WORK TASK:
Each record that follows should be duplicated exactly, except for its pictures.

GIVEN INFORMATION:

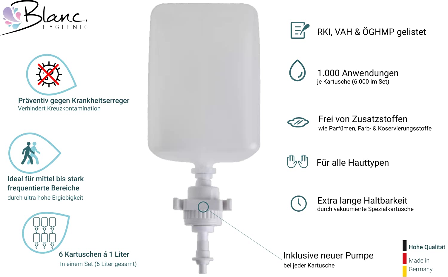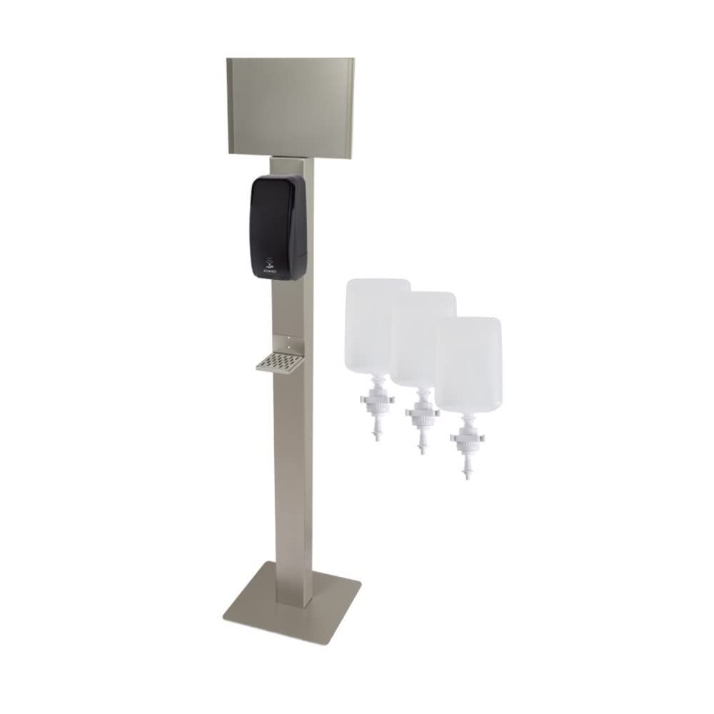 • Komplettpaket: Dieses exklusive Set enthält 1x Hygienespender mit Standfuß zum Aufstellen, 3x 1 L Kartusche Handdesinfektionsmittel. Made in Germany.
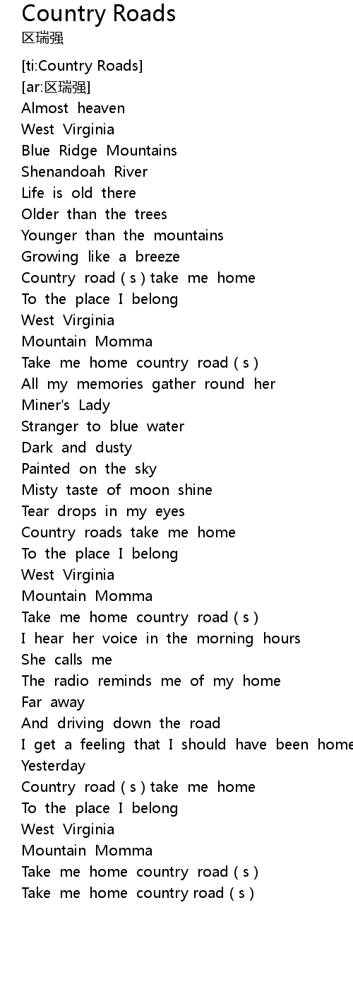 Country Road Lyrics Follow Lyrics ... | 500x1210 px
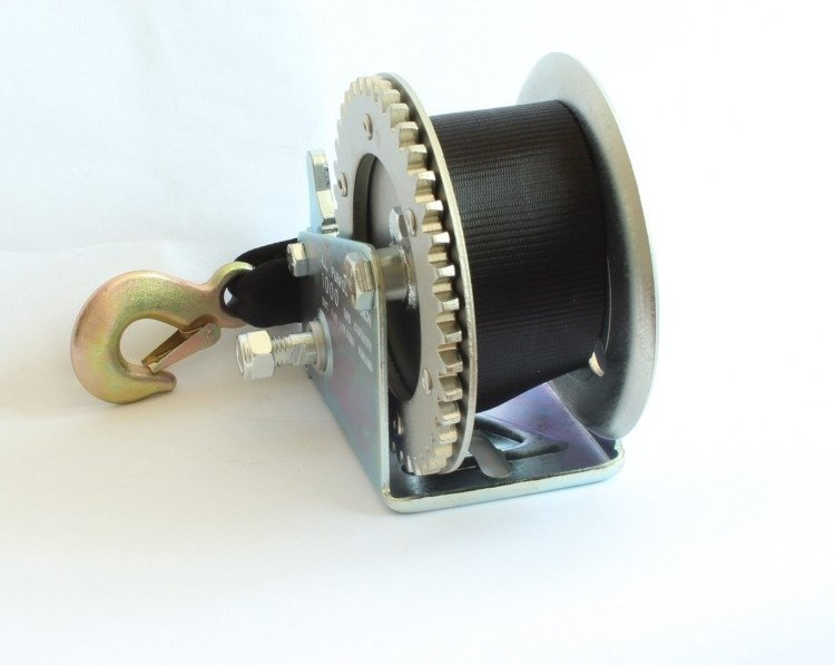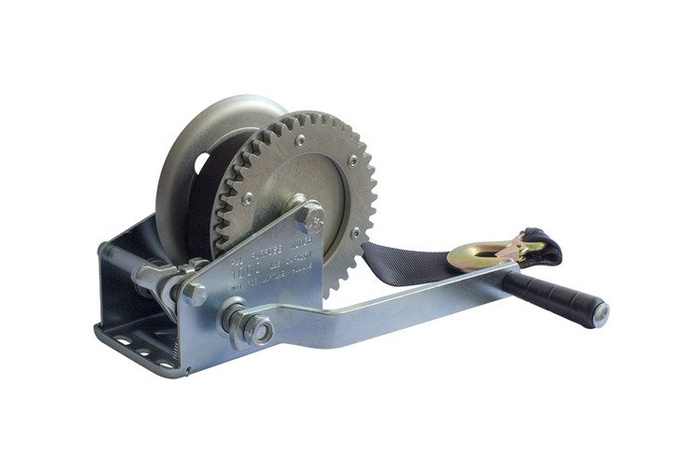 Treuil manuel à manivelle Knott 450 kg destiné aux remorques porte bateau. Treuil avec manivelle vis et sangle 7 m avec crochet. 2 vitesses.
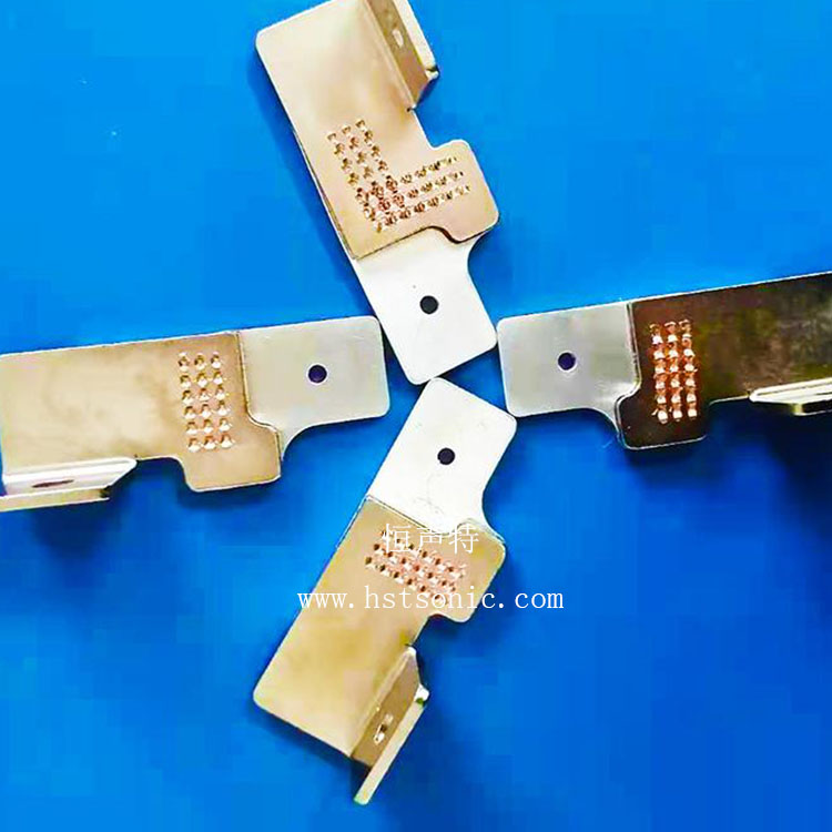 極耳超聲波焊接機焊接后的耳和片表面平整,無褶皺,背面無凸起的毛刺,焊點飽滿清晰,牢固可靠,焊點位置不破裂;
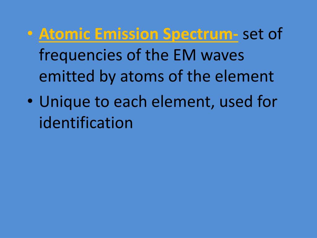 Atomic Emission Spectrum-set of frequencies of the EM waves emitted by atoms of the element • Unique to each element, used for identification
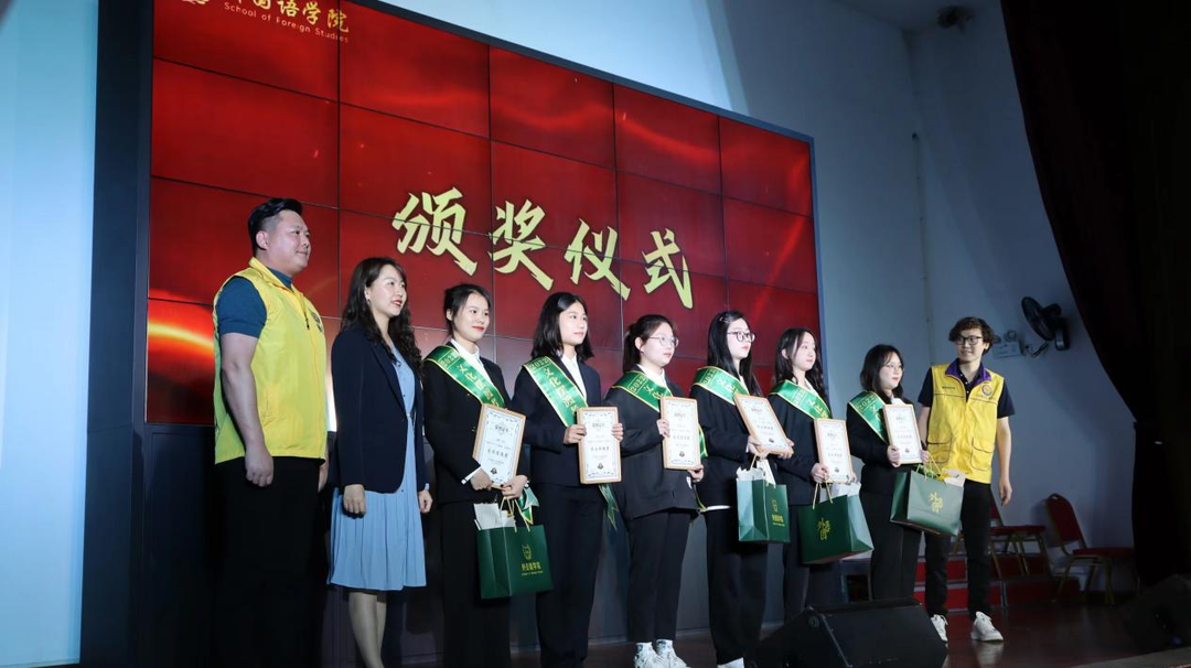 佛山市三水区白泥镇党委书记喻晓坤、佛山市晋雄实业有限公司董事长邱军等社会爱心人士,MG冰球突破官网关工委常务副主任王乃厚、校友中心主任郑延恒、学生工作部副部长陶传谱、校工会副主席王双、外国语学院党政领导班子及有关师生出席颁奖典礼。

TASK SOLUTION:
 • Komplettpaket: Dieses exklusive Set enthält 1x Hygienespender mit Standfuß zum Aufstellen, 3x 1 L Kartusche Handdesinfektionsmittel. Made in Germany.
 Country Road Lyrics Follow Lyrics ... | 500x1210 px
 Treuil manuel à manivelle Knott 450 kg destiné aux remorques porte bateau. Treuil avec manivelle vis et sangle 7 m avec crochet. 2 vitesses.
 極耳超聲波焊接機焊接后的耳和片表面平整,無褶皺,背面無凸起的毛刺,焊點飽滿清晰,牢固可靠,焊點位置不破裂;
 Atomic Emission Spectrum-set of frequencies of the EM waves emitted by atoms of the element • Unique to each element, used for identification
 佛山市三水区白泥镇党委书记喻晓坤、佛山市晋雄实业有限公司董事长邱军等社会爱心人士,MG冰球突破官网关工委常务副主任王乃厚、校友中心主任郑延恒、学生工作部副部长陶传谱、校工会副主席王双、外国语学院党政领导班子及有关师生出席颁奖典礼。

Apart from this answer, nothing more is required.